Hunharca doğranıyor,en masum kelimeler
Edebiyat adına,katliam bu, düpe düz
Kan bulaşmış sayfalar,ruhu gitmiş dizeler
Kalemler cellad olmuş,aslını yitirmiş yüz


Balı petekten alır,zehir katıp sunarsın
Nedir bu isyankarlık, kimedir bu düşmanlık
Dokunma lugatı ma,bırak öylece kalsın
Bu mudur ahde vefa,bu mudur değer gamlık
 
Atatürk Diyor ki!

* Türk demek, dil demektir. Ülkesini, yüksek bağımsızlığını korumasını bilen Türk ulusu, dilini de yabancı diller boyunduruğundan kurtarmalıdır.

* Kesin olarak bilinmelidir ki, Türk ulusunun ulusal dili ve bengi, bütün yaşamında egemen ve temel olacaktır.

* Türk dilinin, kendi benliğine, aslındaki güzellik ve zenginliğine kavuşması için, bütün devlet örgütümüzün dikkatli, ilgili olmasını isteriz.

* Dilin zengin ve ulusal almaşı, ulusal duyguların gelişmesinde başlıca etkendir. Türk dili, dillerin en zenginlerindendir. Yeter ki, bu dil bilinçli olarak işlensin.

* Ulusal duygu ile dil arasındaki bağ çok güçlüdür. Dilin ulusal ve zengin olması, ulusal duygunun gelişmesinde başlıca etkendir. Türk dili, dillerin en zenginlerindendir; yeter ki bu dil, bilinçle işlensin. — 2 Eylül 1932

* Türk demek, dil demektir. Ulusun çok açık niteliklerinden birisi de dildir.

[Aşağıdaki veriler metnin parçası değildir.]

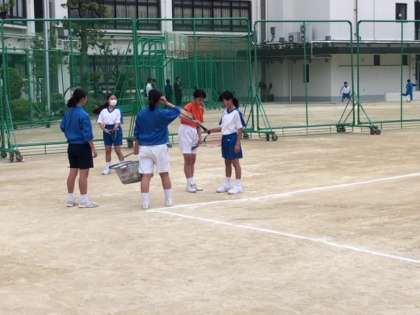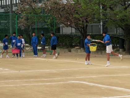 ソフトテニス部の仮入部が始まりました! 2年、3年の先輩が1年生の後輩に1から教えてくれています!
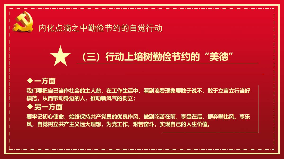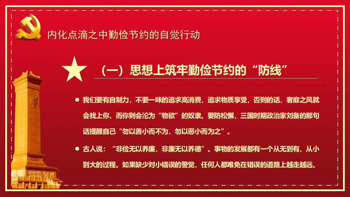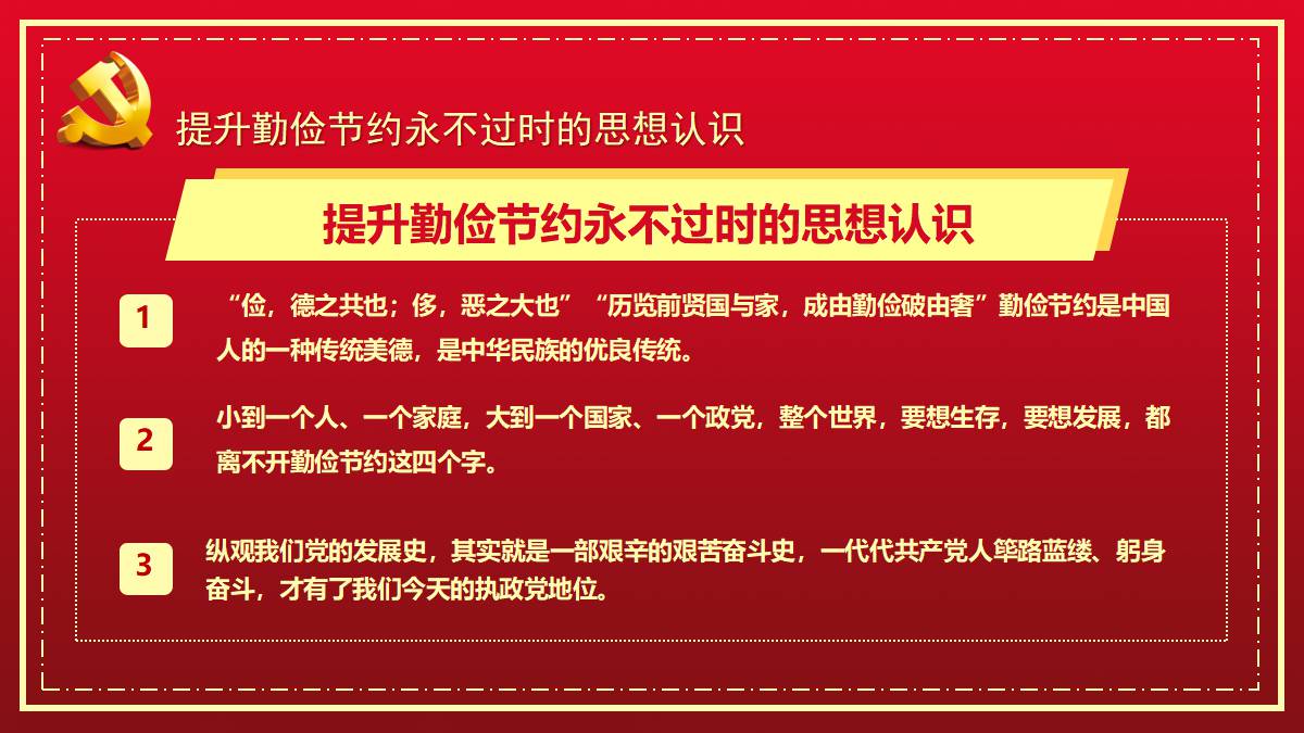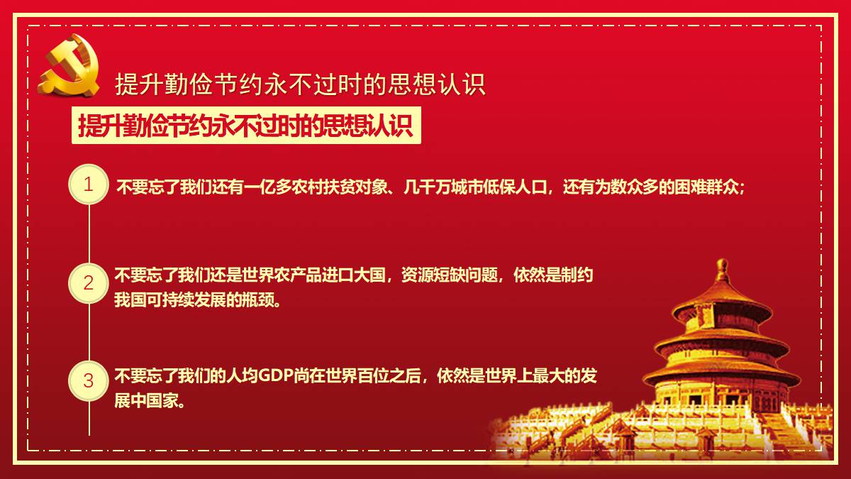 红金配色党政风发扬艰苦奋斗厉行勤俭节约PPT模板下载 免责声明 该内容是由网友【mail_40316515】于2026-02-08上传分享到光头老蔡资源分享平台,作品版权和著作权属原作者所有,如果因此侵犯了您的相关权益,请直接联系页面右侧的在线客服及时删除相关内容。
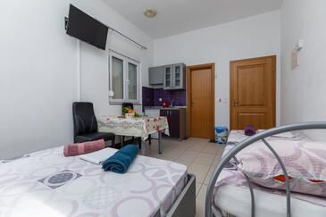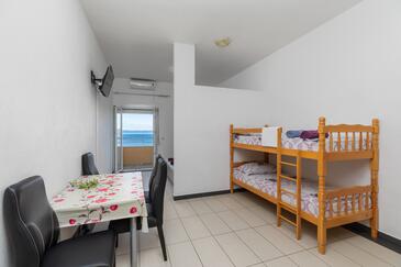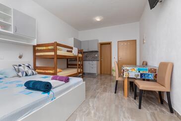 Az Apartman 4 főt tud fogadni. Az ágyak a/az 1 hálószobában, és a étkezőban/ben vannak, melynek méretei 37m2. A forró nyári estéket a vendégek saját balkonukon élvezhetik. Az apartmanból tengerre néző kilátás nyílik. A közös barbecue-helyet a vendég szabadon használhatja.
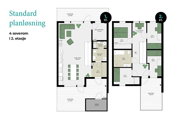 2 plan, 4 soverom, 131 kvm BRA
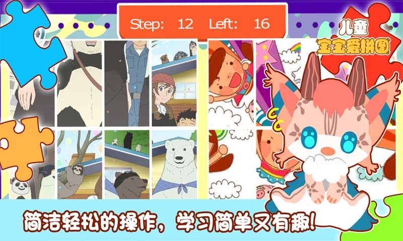 2、亲子协作挑战:设置“双人拼图”模式,家长与孩子共同完成12块拼图,系统会记录协作次数并解锁专属勋章,促进亲子互动的同时培养团队协作意识。
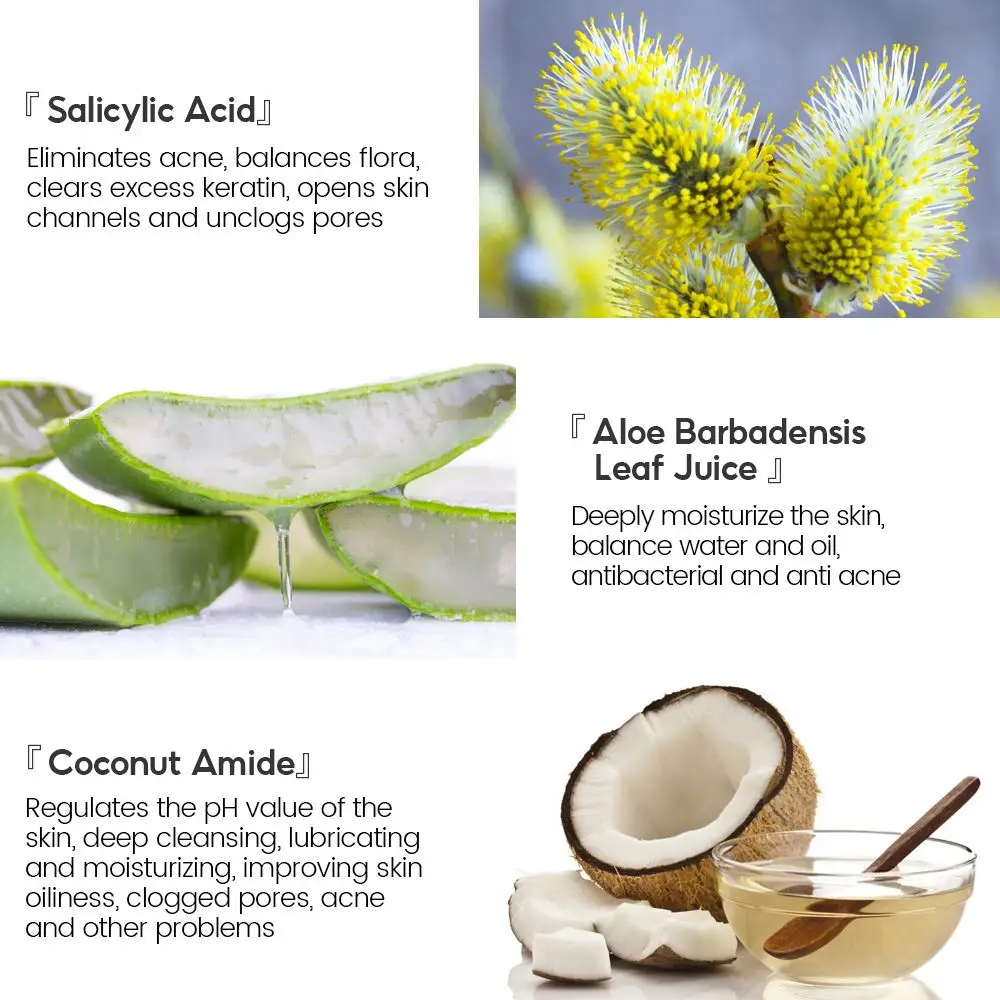 Private Label Pore Exfoliating Softening Skin Face Deep Cleansing Body Wash Bath Salicylic Acid Acne Treatment Black Soap

Her şeyden Önce ve kesinlikle Türkçe konuşulmalıdır. — 1932

* Türkçe konuşmayan bir insan; Türk harsına, Türk topluluğuna bağlılığım iddia öderse, buna inanmak doğru olmaz.

* Türk affının kendi benliğine, aslındaki güzellik ve zenginliğine kavuşması için, bütün devlet örgütümüzün, dikkatli, ilgili olmasını isteriz. — Kasım 1937

* Ülkesini, yüksek bağımsızlığım korumasını bilen Türk ulusu, dilini de yabancı diller boyunduruğundan kurtarmalıdır. — 1 Kasım 1932
 
ben neye sinir oluyorum biliyormusunuz....NAPIYON...GELİYOM....SEVİYOM....diyenlere gıcık oluyorum.......tv lerdede bazı program sunucuları da böyle konuşmuyorlar mı çıldırıyorum....
 
Merhaba.Size katılıyorum.Benim rahatsız olduğum konulardan biride alfabemizde olmadığı halde w,q,x harflerinin kullanımı.Mesela ewwet,qeldim,xkanç(kıskanç) gibi.
 
ben neye sinir oluyorum biliyormusunuz....NAPIYON...GELİYOM....SEVİYOM....diyenlere gıcık oluyorum.......tv lerdede bazı program sunucuları da böyle konuşmuyorlar mı çıldırıyorum....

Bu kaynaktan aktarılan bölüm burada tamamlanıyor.